6. The client application synchronizes the incremented counter value with the server before sending the unique, one-time URL. A system for secure access to information as described in claim 1.
7. The client application adds information that identifies itself to the unique, one-time URL sent to the server. A system for secure access to information as described in claim 1.
8. The server refuses to transmit financial information to the client application based on the identification information attached to the unique, one-time URL by the client application. A system for secure access to information as described in claim 7.
9. The client application adds location information to the unique, one-time URL sent to the server. A system for secure access to information as described in claim 1.
10. The communication device is located in a fixed position, and the client application adds information about its location to the unique, one-time URL sent to the server. A system for secure access to information as described in claim 1.
11. The client application is located in a commercial area, and the client application adds information related to the commercial area to the unique, one-time URL sent to the server. A system for secure access to information as described in claim 1.
12. Upon receiving the unique, one-time URL, the server provides location-specific data to the client application based on the information attached to the unique, one-time URL. A system for secure access to information according to claim 11.
13. The client application displays the financial information received from the server in a browser or one of the second applications. A system for secure access to information as described in claim 1.
14. The contactless communication interface is configured to support at least one of short-range wireless communication and body area networking. A system for secure access to information as described in claim 1.
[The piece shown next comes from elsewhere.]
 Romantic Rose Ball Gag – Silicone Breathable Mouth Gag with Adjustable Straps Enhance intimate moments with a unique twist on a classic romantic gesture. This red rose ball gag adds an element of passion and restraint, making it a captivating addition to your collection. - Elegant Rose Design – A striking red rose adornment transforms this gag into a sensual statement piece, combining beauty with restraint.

15. Moving a smart card within the communication range of a communication device, wherein the smart card is Contactless communication interface, Microprocessor, and Memory that stores applets, counters, and unique customer identifiers Including moving and The value stored in the counter is incremented, and the value is synchronized with the counter included in the communication device. By encrypting and hashing the incremented counter value and the unique customer identifier, a unique, one-time URL (Uniform Resource Locator) is generated. Sending the client application a unique, one-time URL containing instructions to be executed on the communication device via the contactless communication interface, Adding location information related to the communication device to the unique URL, Sending the aforementioned unique, one-time URL to a server containing financial information, The server regenerates the encrypted hash using the expected counter value and the unique customer identifier, The encryption hash regenerated by the server is compared with the unique, one-time URL sent to the server. If the regenerated cryptographic hash matches the unique, one-time URL, the server transmits financial information to the client application. A method of accessing information that encompasses it.
16. The communication device is located in a commercial location, and the added information is related to the commercial location. A method for accessing information as described in claim 15.
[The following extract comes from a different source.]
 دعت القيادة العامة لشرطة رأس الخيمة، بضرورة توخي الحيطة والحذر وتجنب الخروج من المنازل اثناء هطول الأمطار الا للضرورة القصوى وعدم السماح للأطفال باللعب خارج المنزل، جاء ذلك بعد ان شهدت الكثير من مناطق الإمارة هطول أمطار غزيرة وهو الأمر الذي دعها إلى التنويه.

17. Further encompassing receiving location-specific data from the server in response to the aforementioned added location information, A method for accessing information according to claim 15.
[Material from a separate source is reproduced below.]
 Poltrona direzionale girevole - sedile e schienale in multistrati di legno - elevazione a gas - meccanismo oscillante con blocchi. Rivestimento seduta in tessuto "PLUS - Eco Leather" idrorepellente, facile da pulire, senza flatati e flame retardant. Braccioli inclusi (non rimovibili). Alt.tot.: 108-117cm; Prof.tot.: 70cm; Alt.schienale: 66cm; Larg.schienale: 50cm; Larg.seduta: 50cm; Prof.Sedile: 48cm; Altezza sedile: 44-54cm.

18. This further includes entering at least one of the following before receiving financial information from the server: a password, a fingerprint scan, or a facial scan. A method for accessing information according to claim 15.
19. Further encompasses adding information identifying the communication device to the unique one-time URL before sending the unique one-time URL to the server, A method for accessing information as described in claim 15.
20. The server inspects the information identifying the communication device added to the unique, one-time URL and requests additional authentication information. A method for accessing information according to claim 19.